Volkswagen sales dwindled in the 1980s, and Welch remembers the challenge of trying to sell them when he started working at a different dealership, in 1992.
"I was selling them when no one wanted to," he said. "But in '93 it all started to turn around with the Jetta."
Many of the videos that Welch commissioned this year focus on car enthusiasts, often at gatherings of Volkswagen owners.
Welch says the videos play particularly well to Volkswagen's target market and the dealership's clientele in Seattle, home to legions of young tech-savvy white-collar workers who care about the environment.
The videos often are backed by an electronic music soundtrack. John Polnik, who runs the social media firm Interpolnik and works with Welch on the videos, says he trusts his young video producers to give the segments a youthful feel.

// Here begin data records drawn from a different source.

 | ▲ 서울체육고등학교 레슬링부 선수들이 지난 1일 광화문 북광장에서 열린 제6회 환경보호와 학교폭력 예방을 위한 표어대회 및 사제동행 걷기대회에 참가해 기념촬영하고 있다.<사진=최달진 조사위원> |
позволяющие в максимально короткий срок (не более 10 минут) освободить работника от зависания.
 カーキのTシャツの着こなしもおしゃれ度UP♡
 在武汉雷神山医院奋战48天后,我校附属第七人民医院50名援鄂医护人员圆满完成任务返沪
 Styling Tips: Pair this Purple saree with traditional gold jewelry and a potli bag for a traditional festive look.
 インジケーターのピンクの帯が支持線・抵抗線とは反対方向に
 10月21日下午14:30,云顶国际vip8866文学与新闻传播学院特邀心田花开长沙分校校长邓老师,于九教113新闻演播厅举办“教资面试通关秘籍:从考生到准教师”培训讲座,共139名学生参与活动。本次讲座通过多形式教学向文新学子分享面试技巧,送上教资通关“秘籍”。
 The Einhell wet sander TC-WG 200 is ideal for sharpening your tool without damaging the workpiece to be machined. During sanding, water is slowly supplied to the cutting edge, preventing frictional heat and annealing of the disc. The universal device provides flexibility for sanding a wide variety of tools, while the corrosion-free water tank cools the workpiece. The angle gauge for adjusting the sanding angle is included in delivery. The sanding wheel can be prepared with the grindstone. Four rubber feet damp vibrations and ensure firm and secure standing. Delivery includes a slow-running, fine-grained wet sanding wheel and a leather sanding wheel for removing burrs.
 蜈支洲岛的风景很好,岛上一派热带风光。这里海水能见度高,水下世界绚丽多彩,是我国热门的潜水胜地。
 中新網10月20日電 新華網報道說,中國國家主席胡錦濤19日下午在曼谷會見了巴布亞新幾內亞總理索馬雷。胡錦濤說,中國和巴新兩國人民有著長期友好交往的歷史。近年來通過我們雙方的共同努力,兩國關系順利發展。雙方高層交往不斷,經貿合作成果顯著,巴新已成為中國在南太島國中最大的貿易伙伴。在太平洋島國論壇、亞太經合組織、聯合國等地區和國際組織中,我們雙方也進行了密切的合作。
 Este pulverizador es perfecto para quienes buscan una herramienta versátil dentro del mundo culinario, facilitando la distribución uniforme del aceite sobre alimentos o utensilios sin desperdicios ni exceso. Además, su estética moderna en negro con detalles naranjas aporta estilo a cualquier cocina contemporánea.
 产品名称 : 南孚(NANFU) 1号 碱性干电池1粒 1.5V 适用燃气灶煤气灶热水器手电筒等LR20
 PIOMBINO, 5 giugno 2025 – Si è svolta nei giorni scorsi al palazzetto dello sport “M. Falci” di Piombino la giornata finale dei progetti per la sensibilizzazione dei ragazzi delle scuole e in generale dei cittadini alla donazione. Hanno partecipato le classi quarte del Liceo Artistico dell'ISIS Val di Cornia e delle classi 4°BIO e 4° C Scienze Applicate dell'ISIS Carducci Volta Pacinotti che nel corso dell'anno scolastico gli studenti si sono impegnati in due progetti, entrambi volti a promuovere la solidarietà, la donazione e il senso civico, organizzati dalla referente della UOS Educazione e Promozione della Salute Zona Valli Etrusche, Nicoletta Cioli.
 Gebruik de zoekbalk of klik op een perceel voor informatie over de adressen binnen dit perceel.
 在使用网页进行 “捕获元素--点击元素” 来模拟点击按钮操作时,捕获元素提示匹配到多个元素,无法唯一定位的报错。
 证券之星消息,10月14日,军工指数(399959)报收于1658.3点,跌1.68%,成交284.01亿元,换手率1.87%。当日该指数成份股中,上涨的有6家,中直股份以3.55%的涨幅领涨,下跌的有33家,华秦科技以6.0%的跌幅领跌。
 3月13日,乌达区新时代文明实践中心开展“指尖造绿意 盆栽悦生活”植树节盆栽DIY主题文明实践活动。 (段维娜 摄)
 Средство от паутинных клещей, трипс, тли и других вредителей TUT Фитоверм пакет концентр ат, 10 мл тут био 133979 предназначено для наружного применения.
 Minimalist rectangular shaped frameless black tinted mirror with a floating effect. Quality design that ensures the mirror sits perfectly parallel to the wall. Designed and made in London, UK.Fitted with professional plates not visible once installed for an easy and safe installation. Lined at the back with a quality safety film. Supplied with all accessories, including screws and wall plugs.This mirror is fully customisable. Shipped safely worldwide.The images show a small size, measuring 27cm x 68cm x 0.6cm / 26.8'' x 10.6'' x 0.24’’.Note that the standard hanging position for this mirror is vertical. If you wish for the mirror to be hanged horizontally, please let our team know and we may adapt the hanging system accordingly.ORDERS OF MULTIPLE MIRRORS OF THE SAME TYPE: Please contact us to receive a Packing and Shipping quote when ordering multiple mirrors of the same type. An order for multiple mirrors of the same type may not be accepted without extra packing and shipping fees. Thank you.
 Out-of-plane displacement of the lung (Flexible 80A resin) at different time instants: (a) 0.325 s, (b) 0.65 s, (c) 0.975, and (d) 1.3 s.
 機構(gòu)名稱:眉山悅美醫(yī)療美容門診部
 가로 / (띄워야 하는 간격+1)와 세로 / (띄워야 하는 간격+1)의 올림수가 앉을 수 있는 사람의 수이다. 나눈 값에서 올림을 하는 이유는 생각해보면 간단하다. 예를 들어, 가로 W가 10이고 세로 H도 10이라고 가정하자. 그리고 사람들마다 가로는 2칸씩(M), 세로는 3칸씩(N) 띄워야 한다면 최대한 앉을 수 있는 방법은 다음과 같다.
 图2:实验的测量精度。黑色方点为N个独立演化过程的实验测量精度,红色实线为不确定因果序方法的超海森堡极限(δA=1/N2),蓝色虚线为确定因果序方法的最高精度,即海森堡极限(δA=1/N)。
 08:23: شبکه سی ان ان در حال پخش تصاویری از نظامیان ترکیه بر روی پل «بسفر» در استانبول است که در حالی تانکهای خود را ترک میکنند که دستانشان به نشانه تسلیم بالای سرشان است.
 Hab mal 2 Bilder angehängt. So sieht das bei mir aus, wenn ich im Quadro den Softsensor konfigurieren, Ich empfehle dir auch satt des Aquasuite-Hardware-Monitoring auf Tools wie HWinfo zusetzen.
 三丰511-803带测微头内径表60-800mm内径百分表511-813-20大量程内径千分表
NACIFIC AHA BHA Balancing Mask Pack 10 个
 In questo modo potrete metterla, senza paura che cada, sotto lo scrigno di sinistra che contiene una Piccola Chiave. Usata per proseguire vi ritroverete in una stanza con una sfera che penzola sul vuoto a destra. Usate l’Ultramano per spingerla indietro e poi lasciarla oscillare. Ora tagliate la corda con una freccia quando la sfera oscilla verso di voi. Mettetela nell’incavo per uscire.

It's a break from the ordinary advertising model, says Polnik. Rather than explaining why people should buy a product or visit a store, the videos focus on customers and community groups. They just have Auburn Volkswagen's logo at the beginning or end.
This is the type of content that people will share on social media Web sites "because they don't feel that they're being sold," Polnik says.
"If you make a commercial, very few people are going to share it on their Facebook page, or their Twitter feed," he added.
But making videos about car enthusiasts "buys goodwill, and it spreads the brand all over the place, like wildfire. It's fantastic."